Problem to solve → When you reach the line containing "初めてなでしこジャパンに呼ば" in the records below, start copying exactly, and stop once you have copied the line containing "秋草図 金砂子 探龍 |".
━━ Material supplied
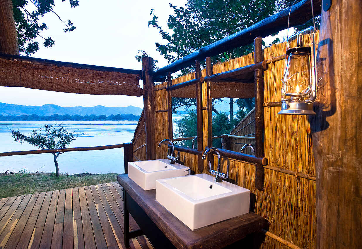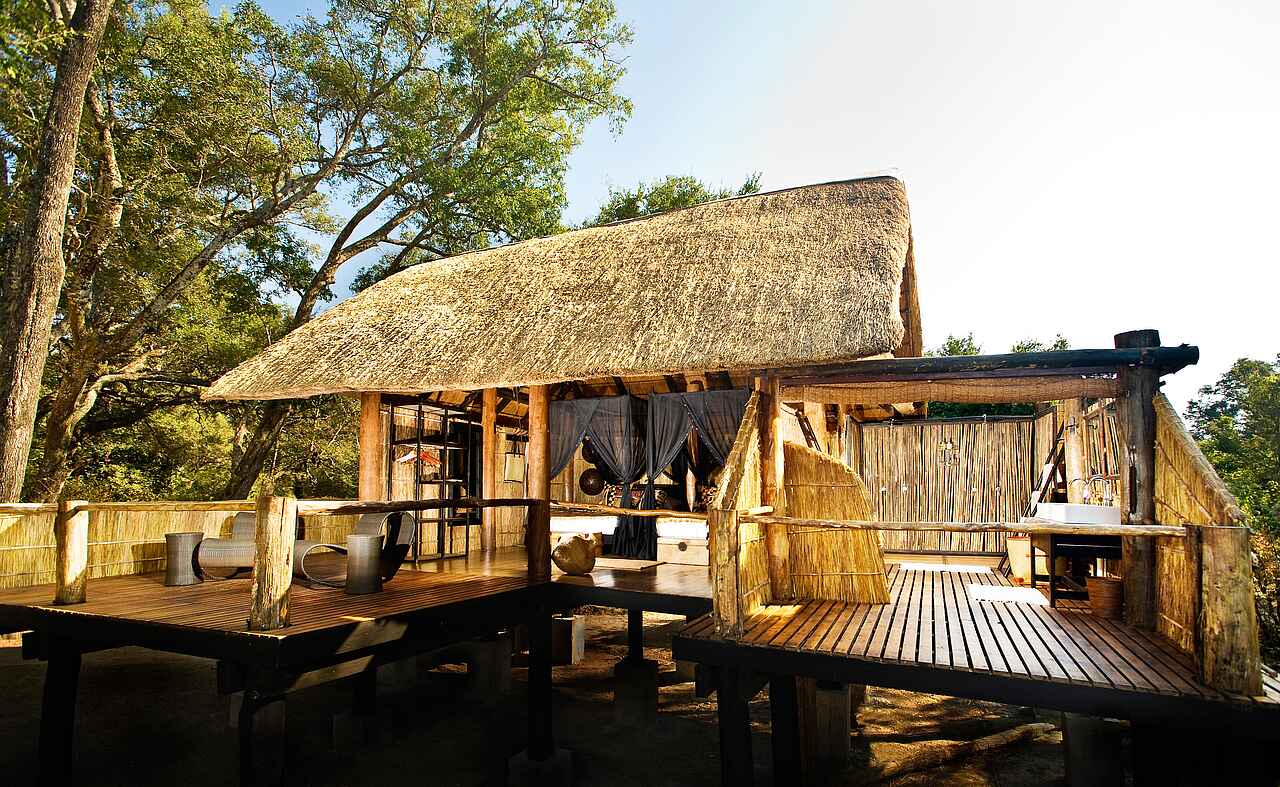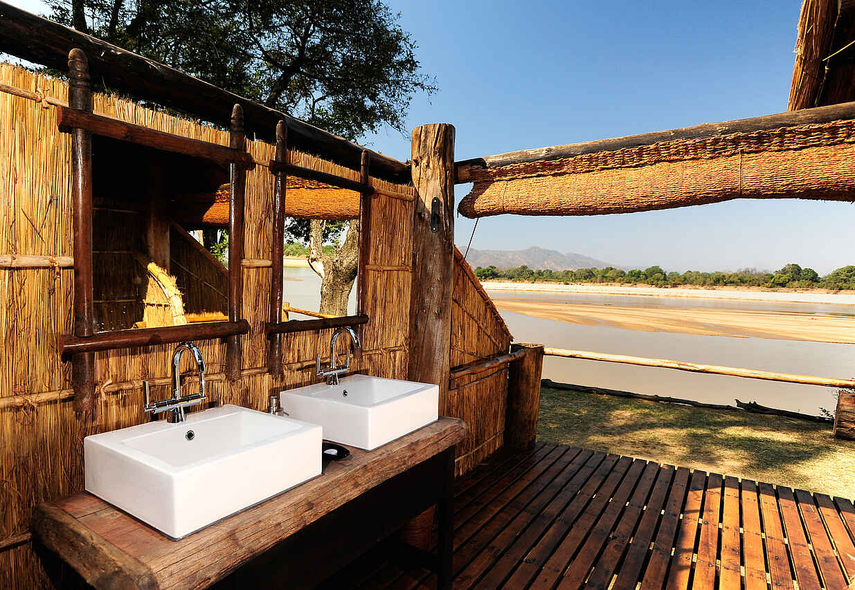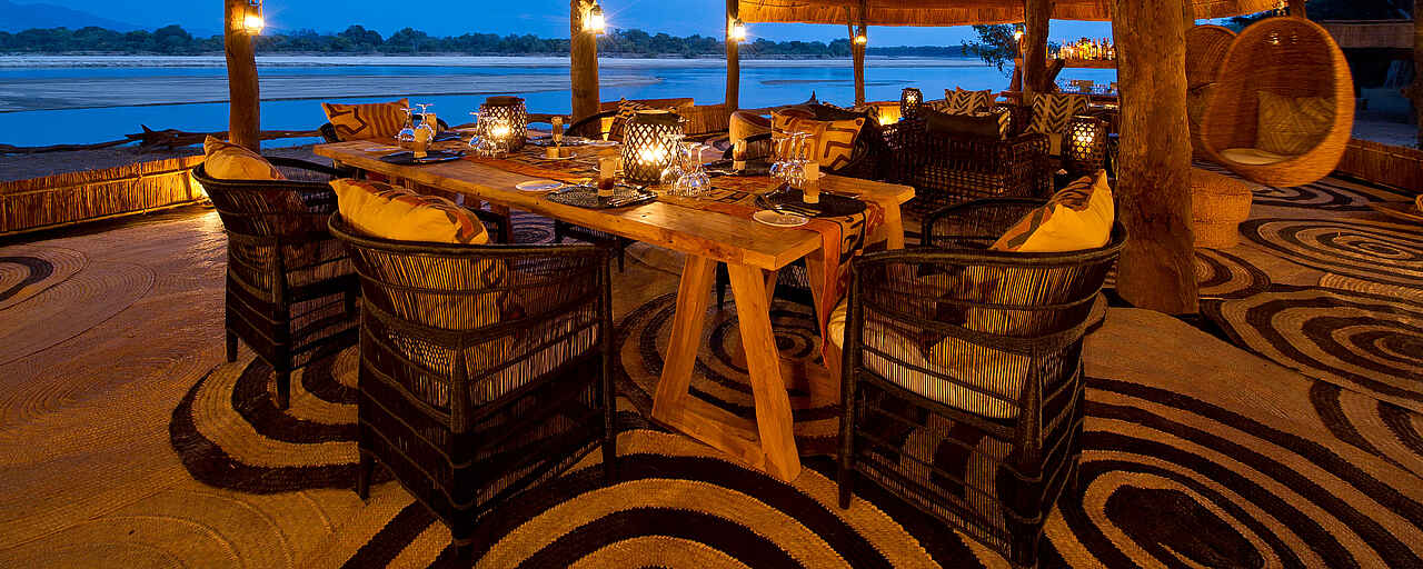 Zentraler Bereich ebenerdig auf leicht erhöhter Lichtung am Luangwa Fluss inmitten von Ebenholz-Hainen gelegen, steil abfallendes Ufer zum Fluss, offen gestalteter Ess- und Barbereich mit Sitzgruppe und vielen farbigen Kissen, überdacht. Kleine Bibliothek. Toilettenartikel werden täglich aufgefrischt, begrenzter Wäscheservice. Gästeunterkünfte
━━━━
━━ Material supplied
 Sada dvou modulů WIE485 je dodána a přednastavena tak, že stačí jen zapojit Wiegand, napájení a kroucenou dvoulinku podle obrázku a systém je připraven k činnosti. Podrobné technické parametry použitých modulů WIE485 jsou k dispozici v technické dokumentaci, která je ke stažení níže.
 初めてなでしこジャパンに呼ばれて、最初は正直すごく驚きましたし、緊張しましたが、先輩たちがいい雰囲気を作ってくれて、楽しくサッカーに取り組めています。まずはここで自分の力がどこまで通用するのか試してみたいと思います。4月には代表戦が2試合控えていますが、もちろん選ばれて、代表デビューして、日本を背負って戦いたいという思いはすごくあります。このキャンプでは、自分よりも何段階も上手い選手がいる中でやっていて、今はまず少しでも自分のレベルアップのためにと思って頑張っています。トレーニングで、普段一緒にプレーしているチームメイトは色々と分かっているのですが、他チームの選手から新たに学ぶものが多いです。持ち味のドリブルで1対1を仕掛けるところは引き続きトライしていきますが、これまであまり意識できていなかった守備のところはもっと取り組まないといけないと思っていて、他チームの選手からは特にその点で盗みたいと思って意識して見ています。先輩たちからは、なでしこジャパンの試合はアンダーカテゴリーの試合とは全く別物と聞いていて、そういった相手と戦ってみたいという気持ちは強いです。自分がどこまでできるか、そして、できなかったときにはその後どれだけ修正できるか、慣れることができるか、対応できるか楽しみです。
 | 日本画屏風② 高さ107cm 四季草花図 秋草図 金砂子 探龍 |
━━━━
━━ Material supplied
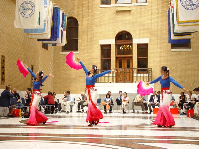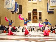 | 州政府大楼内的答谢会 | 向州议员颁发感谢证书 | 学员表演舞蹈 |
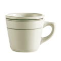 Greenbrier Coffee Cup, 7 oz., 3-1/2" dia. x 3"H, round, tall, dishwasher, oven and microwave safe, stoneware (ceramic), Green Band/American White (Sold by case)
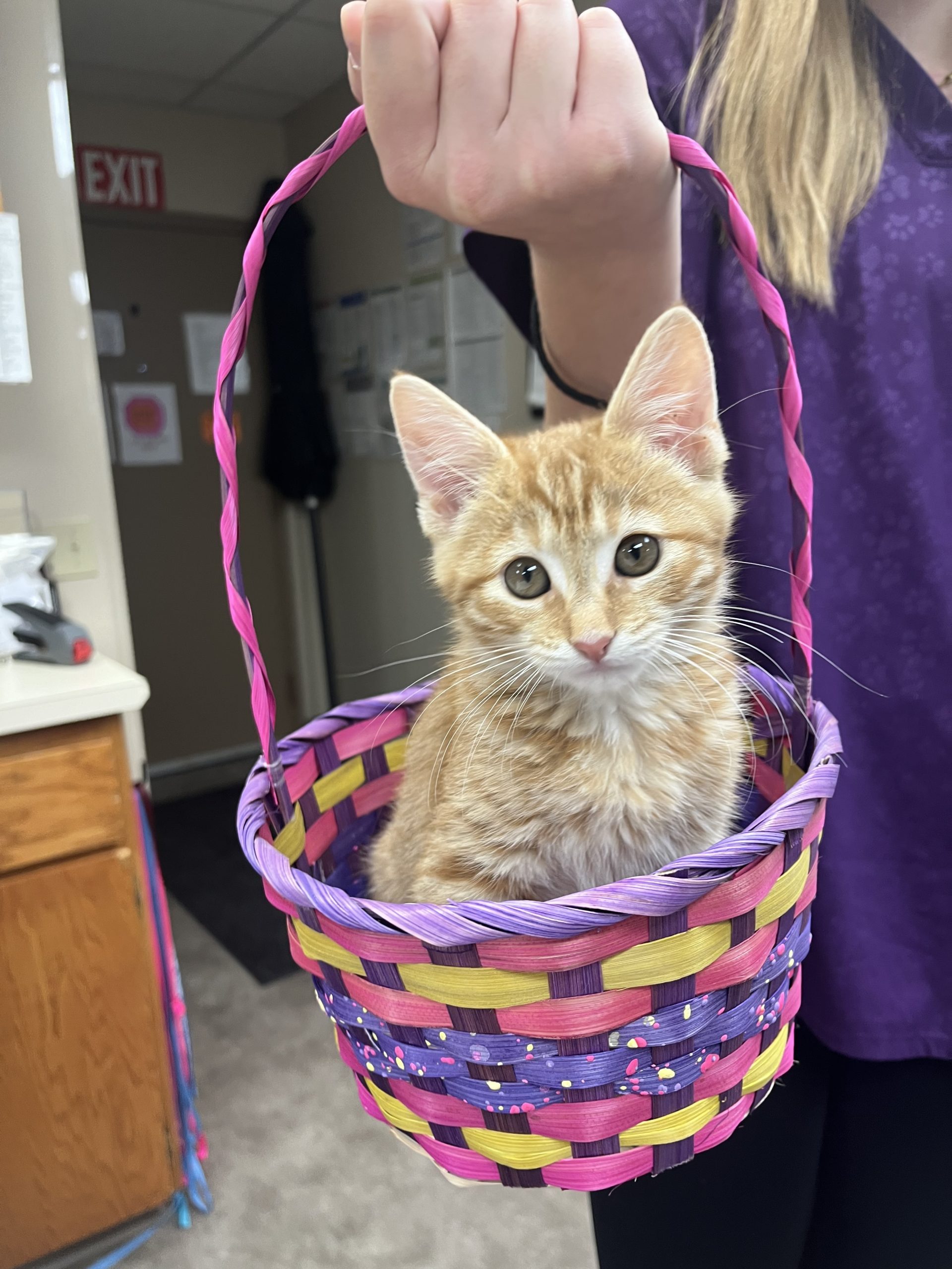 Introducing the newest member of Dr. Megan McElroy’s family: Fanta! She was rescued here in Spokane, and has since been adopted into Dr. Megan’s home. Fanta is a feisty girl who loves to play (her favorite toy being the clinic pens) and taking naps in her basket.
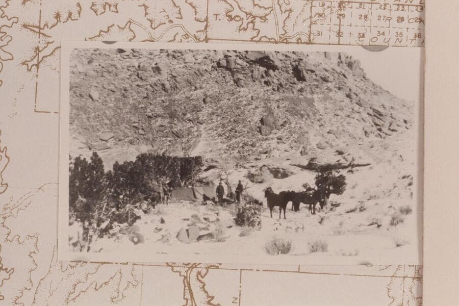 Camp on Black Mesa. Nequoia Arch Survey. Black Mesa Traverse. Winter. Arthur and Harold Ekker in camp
━━━━
Solved exercise →
 初めてなでしこジャパンに呼ばれて、最初は正直すごく驚きましたし、緊張しましたが、先輩たちがいい雰囲気を作ってくれて、楽しくサッカーに取り組めています。まずはここで自分の力がどこまで通用するのか試してみたいと思います。4月には代表戦が2試合控えていますが、もちろん選ばれて、代表デビューして、日本を背負って戦いたいという思いはすごくあります。このキャンプでは、自分よりも何段階も上手い選手がいる中でやっていて、今はまず少しでも自分のレベルアップのためにと思って頑張っています。トレーニングで、普段一緒にプレーしているチームメイトは色々と分かっているのですが、他チームの選手から新たに学ぶものが多いです。持ち味のドリブルで1対1を仕掛けるところは引き続きトライしていきますが、これまであまり意識できていなかった守備のところはもっと取り組まないといけないと思っていて、他チームの選手からは特にその点で盗みたいと思って意識して見ています。先輩たちからは、なでしこジャパンの試合はアンダーカテゴリーの試合とは全く別物と聞いていて、そういった相手と戦ってみたいという気持ちは強いです。自分がどこまでできるか、そして、できなかったときにはその後どれだけ修正できるか、慣れることができるか、対応できるか楽しみです。
 | 日本画屏風② 高さ107cm 四季草花図 秋草図 金砂子 探龍 |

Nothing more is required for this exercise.